The Christian Church or Kingdom of the Saints, that Stone cut out of the mountain without human hands, (Daniel 2) now made all one with the mountain or Civil State, the Roman Empire, from whence it is cut or taken: Christ’s lilies, garden and love, all one with the thorns, the daughters and wilderness of the World.[1] ~Roger Williams, Bloudy Tenent (1644)

Roger Williams’ view of the Stone Kingdom was remarkably accurate.[2] He understood from reading church history that Christianity could not be the Stone kingdom of Daniel 2 because it had fallen away long ago. In his "Bloudy Tenent", he wrote, “Christianity fell asleep in the bosom of Constantine, and the laps and bosoms of those Emperors who professed the name of Christ.”[3]

Roger Williams saw that Christianity fell asleep (died spiritually) when it had grown comfortable and compromised with the state. “Good” Christian emperors had seduced the church and she could never regain her lost purity.

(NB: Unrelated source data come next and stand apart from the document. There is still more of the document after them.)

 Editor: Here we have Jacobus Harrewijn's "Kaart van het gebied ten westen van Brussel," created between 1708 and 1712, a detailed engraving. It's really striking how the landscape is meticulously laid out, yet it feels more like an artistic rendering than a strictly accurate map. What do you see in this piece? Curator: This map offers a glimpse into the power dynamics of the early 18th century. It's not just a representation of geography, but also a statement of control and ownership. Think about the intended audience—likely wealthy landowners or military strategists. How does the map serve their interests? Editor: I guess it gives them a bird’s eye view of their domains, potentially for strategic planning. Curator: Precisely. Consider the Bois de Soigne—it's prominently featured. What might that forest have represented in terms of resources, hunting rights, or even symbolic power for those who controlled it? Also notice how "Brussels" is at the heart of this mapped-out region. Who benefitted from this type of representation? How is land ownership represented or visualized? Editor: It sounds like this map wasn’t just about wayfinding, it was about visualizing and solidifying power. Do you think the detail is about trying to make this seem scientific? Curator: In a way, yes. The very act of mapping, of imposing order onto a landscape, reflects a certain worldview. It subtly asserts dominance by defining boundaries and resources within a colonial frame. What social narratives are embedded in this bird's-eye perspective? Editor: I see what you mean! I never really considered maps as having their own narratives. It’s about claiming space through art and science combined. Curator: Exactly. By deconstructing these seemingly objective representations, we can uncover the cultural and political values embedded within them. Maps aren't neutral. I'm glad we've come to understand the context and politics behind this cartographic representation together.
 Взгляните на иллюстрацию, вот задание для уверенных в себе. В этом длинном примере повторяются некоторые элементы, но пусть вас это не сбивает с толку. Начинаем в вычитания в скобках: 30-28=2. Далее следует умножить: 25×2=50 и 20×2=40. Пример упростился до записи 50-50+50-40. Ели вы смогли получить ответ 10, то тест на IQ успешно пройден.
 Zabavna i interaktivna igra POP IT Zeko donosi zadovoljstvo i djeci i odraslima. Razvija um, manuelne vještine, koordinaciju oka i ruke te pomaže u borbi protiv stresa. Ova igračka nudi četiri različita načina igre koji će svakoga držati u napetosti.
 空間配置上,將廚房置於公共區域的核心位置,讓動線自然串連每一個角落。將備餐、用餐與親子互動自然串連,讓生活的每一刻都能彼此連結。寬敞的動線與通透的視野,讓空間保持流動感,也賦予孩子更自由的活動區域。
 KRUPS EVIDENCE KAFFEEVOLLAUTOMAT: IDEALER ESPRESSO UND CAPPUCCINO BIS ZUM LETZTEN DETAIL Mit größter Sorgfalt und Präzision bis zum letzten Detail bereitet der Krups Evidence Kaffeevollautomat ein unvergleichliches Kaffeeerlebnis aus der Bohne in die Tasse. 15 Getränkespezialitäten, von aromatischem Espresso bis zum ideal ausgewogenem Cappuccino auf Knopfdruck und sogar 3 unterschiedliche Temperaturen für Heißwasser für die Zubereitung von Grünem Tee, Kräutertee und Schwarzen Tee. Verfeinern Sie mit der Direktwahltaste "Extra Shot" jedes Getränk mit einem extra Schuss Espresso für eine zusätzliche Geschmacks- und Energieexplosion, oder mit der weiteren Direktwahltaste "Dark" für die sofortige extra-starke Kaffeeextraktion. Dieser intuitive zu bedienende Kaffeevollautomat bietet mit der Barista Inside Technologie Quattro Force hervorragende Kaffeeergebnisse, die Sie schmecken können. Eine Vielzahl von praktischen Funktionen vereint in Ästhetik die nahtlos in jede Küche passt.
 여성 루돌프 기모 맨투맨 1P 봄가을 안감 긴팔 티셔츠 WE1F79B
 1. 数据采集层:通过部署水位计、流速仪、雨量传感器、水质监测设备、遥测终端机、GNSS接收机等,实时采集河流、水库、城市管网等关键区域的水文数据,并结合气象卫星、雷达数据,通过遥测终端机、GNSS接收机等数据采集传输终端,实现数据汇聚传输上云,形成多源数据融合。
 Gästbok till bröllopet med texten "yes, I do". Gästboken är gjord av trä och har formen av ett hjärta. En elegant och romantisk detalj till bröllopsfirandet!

This Stone, according to Williams, had been cut of the mountain of the world in the time of the early church. Something radical had happened when it merged with the Roman civil power, however. The change was so radical it ceased to have the nature of the Stone that would judge the whole world. Instead it became one with the world from which it had been cut, undoing the work of Messiah and doing the work of the evil one.[4]

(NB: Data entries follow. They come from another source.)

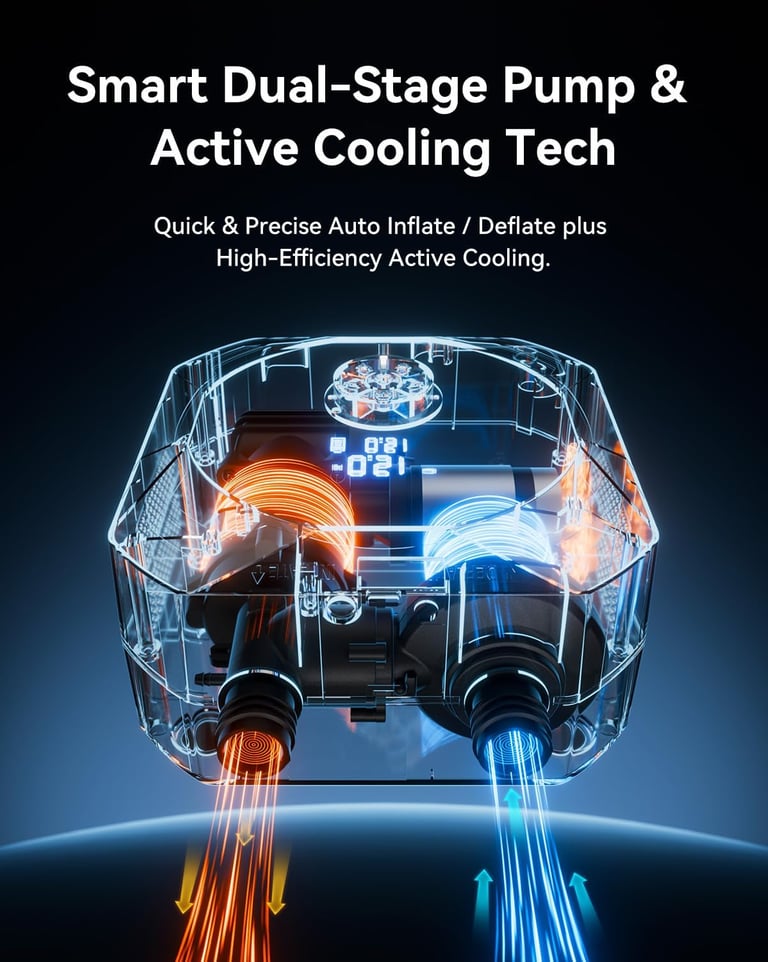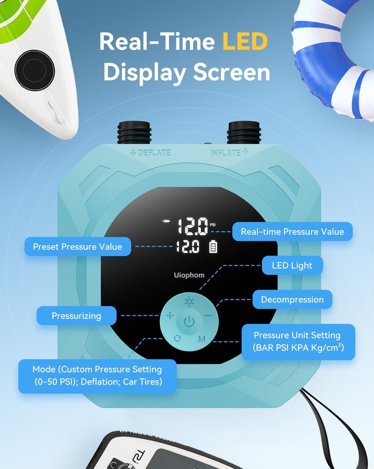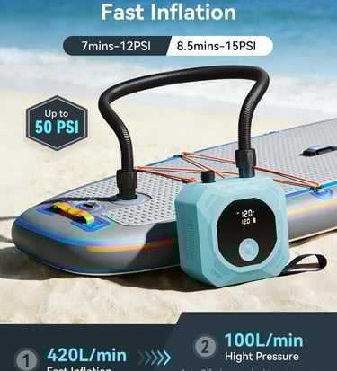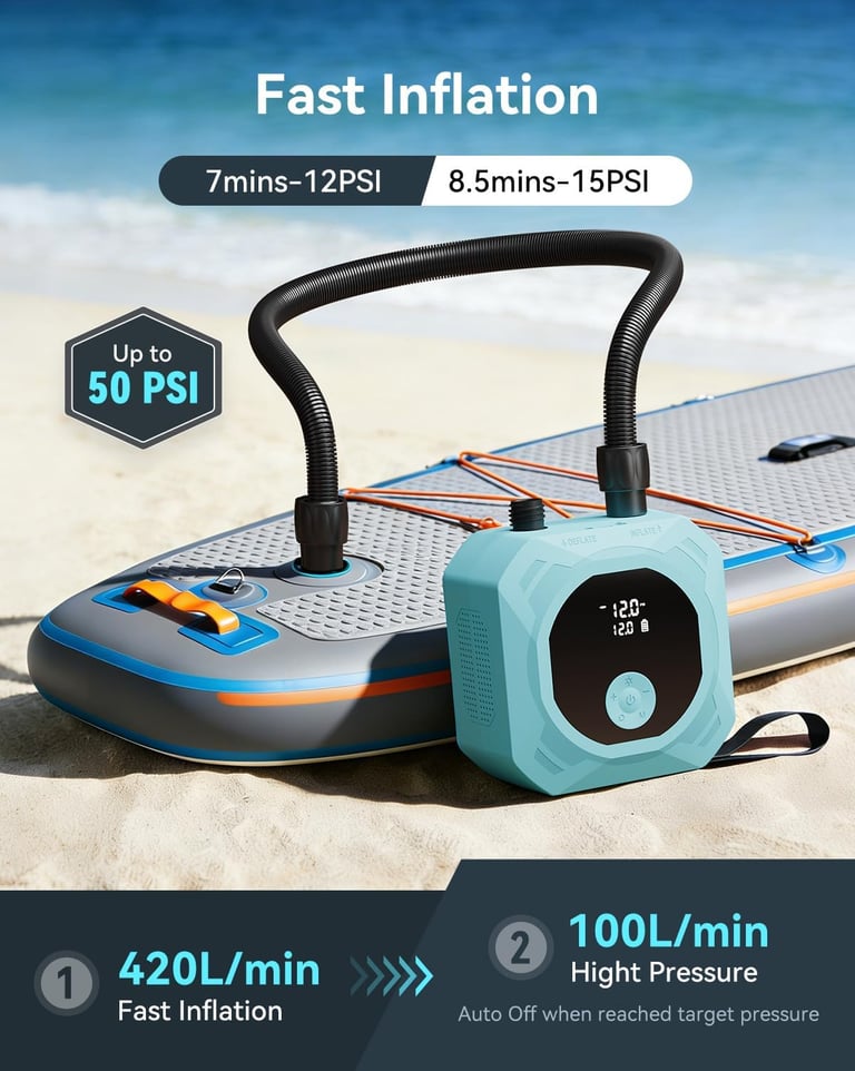 【Dual-Stage Tech & Auto-Off】 Enjoy fast inflation with dual-stage technology: 420 L/min for rapid volume filling, then 100 L/min for high-pressure precision. Get your SUP from flat to 12 PSI in under 7 minutes. Rechargeable air pump stops automatically at your preset pressure. Fast, accurate, worry-free.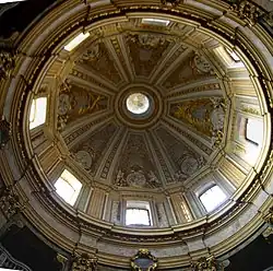 Bęben kopuły od wewnątrz ma osiem dużych okien ze zdobionymi złoconymi ramami, które są oddzielone płytkimi pilastrami wyłożonymi polichromowanym marmurem. Sama kopuła jest żebrowana. W oculusie umieszczono symbol Trójcy Świętej. Osiem sektorów wnętrza kopuły zdobią białe i złote sztukaterie, girlandy i liście palmowe. U dołu każdego sektora umieszczono tondo wspierane przez anioły i zawierające płaskorzeźbę przedstawiającą scenę z życia Maryi[2].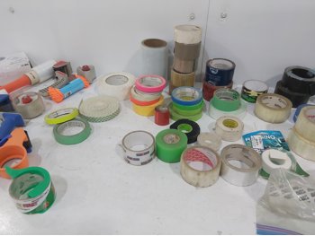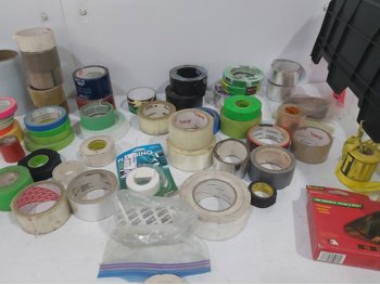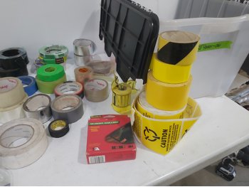 1181 Qty of Tape, Latex Gloves, (2) Rubber Mats and Plastic Tote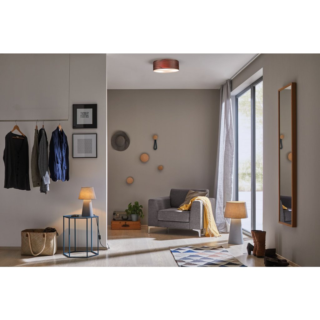 Stropní svítidlo v severském stylu (nordic style) z dřevěné dýhy dubu. Vyrábí německý výrobce Paulmann, série Liska.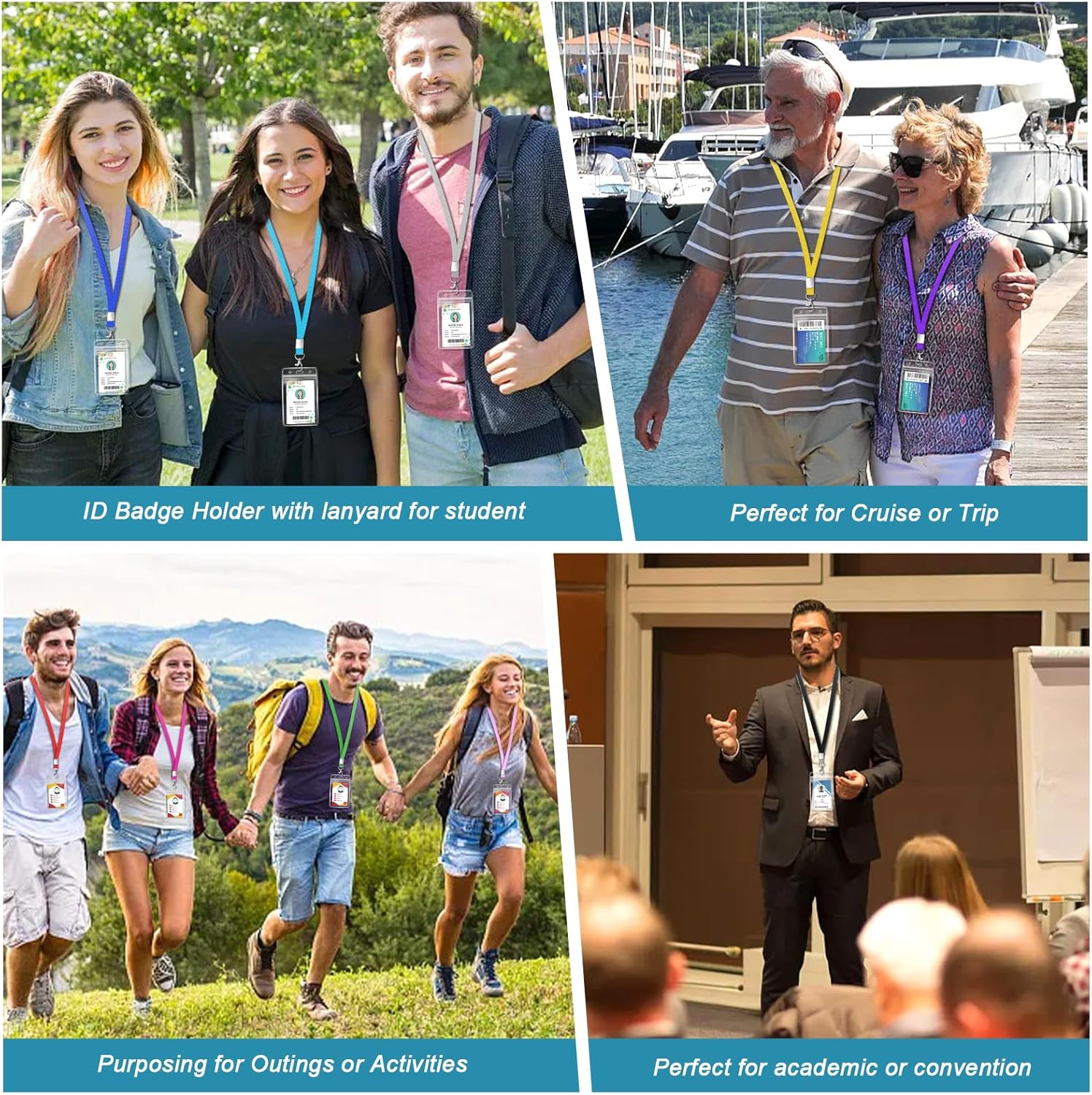 - Package Content: Includes 12pcs ID badge holders and 12pcs bright colored cruise lanyards in red, orange, yellow, pink, purple, sky blue, dark blue, green, gray, black. A variety of colors and sufficient quantities perfectly suited for business meetings, travel, office supplies

Williams’ imagery is from the Song of Songs. He speaks of Christ’s beloved, His Bride, the Church[5] as being one with the thorns and the wilderness. This  refers to a tasteless and saltless church that is good for nothing anymore, and which will one day be trampled under foot by men.[6] Equally so, he knew the day would come when the Stone would be cut out of the mountain of the world, which all the holy prophets had said would be fulfilled.[7]

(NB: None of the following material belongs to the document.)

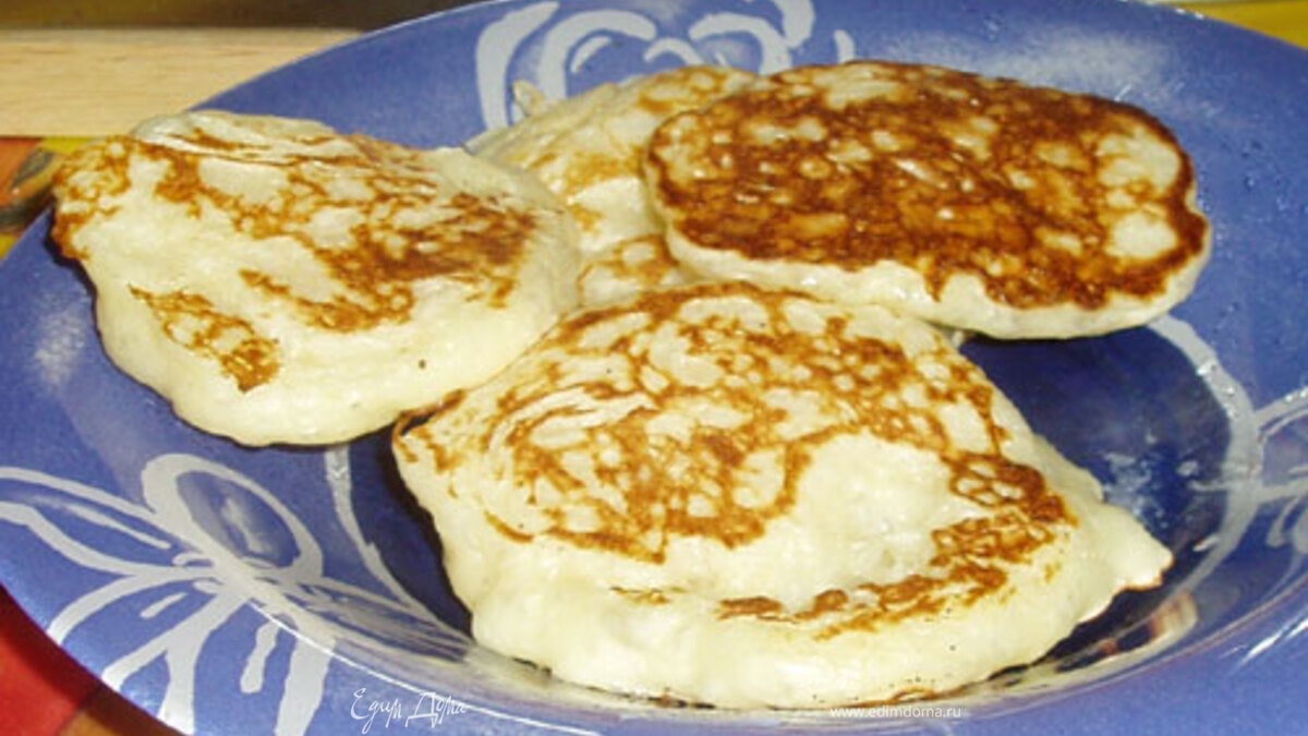 - Шаг 1Развести дрожжи в теплом молоке, всыпать муку и вымесить. Тесту дать подняться в теплом месте. Потом положить яйца, соль, сахар и столовую ложку коровьего или растительного масла, вымесить, дать тесту вторично подняться и, не размешивая его, брать смоченной в воде ложкой, класть на горячую сковороду с маслом и поджаривать оладьи с обеих сторон. Я сменила сахар на мед. Вкусно.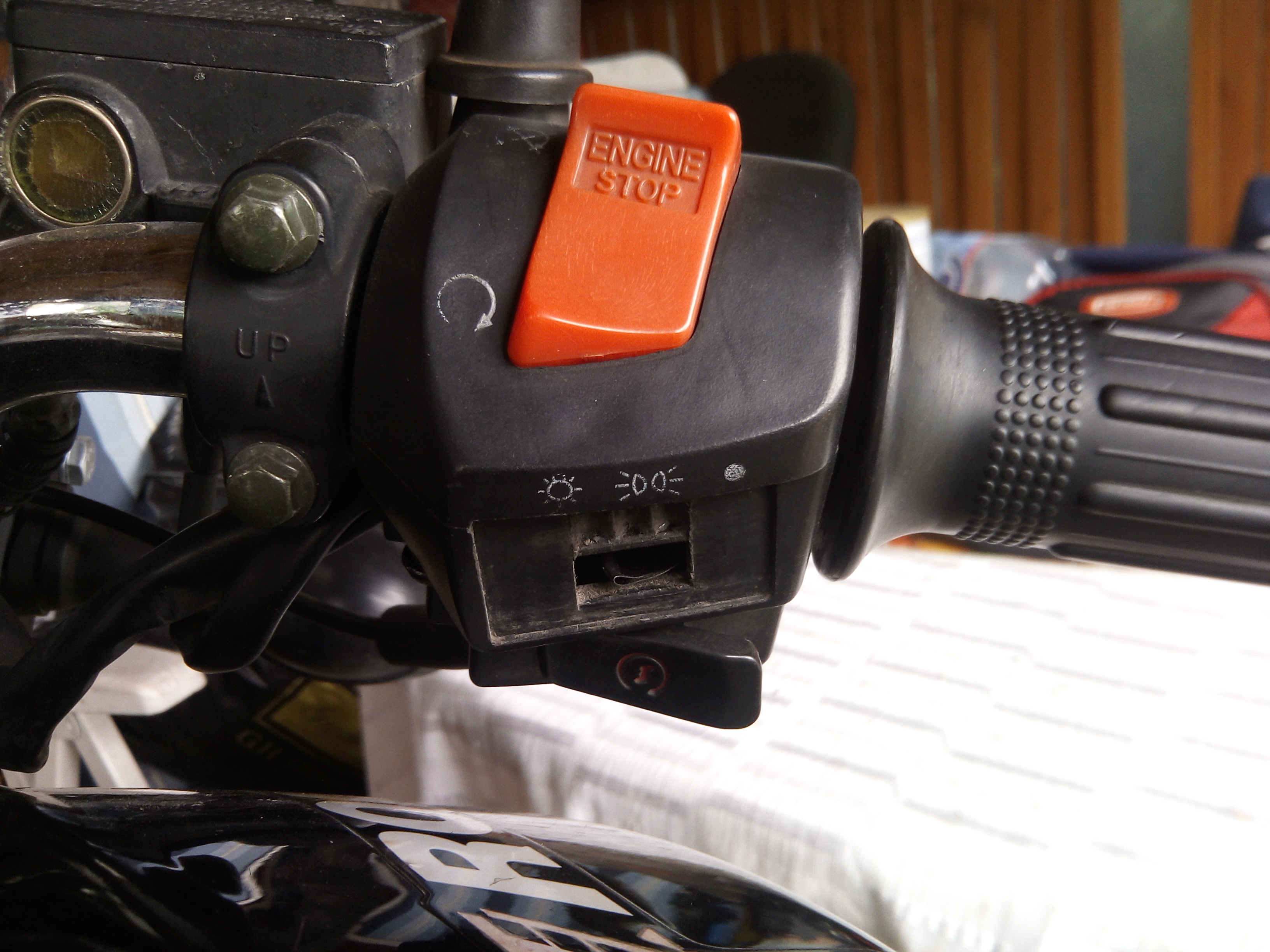 Nowe przełączniki nie do końca są takie same, wizualnie prawy przełącznik (engine start, światła, włącznik rozrusznika) wygląda identycznie. Niestety tylko wygląda. Głównym problemem jest duży czerwony przycisk "Engine start" działa on odwrotnie niż jak byśmy tego oczekiwali. Mianowicie zetka odpala gdy przewody do niego poprowadzone są w pozycji rozłączonej! Nowy przełącznik po włączeniu mostkuje te przewody i zetka nie odpali, chyba że przeciągniemy przycisk do góry. Jest to tak dziwne uczucie, że nawet nie wiem do czego to porównać. Jednak spróbuję, to tak jakbyście chodzili spać z otwartymi oczami, a normalnie mieli je zamknięte. Mruganie też byłoby odwrotne. Ten włącznik po prostu działa tak, jak byłby wzięty z równoległej rzeczywistości. Jest to tak silne przyzwyczajenie, że wolę, aby ono tam zostało i postanowiłem nie mieszać tych dwóch światów. Starego czerwonego przycisku nie da się przełożyć do nowej obudowy, więc przeniosłem go razem z górną częścią obudowy.

Until that time, Roger Williams would only call himself a “waiter” or a “seeker”. His was a costly honesty, for his greatest desire was to serve the God he loved so much, and to do so in sweet communion with all other sincere believers. Yet he knew that until true restoration came through the re-establishment of apostolic authority, Christianity was merely an outward form in which he could not in good conscience take part.



[1] Roger Williams, Bloudy Tenent of Persecution for the Cause of Conscience (1644), p. 174.  

[2] ”The Stone,” p. 22  

[3] Bloudy Tenet, p. 184.  

[4] 1 John 3:8  

[5] Ephesians 5:25-30  

[6] Mt 5:13 (The true Church is described in Mt 5:10-16, the one which has not lost its salt. It is offensive enough to the world to be ill-spoken of.)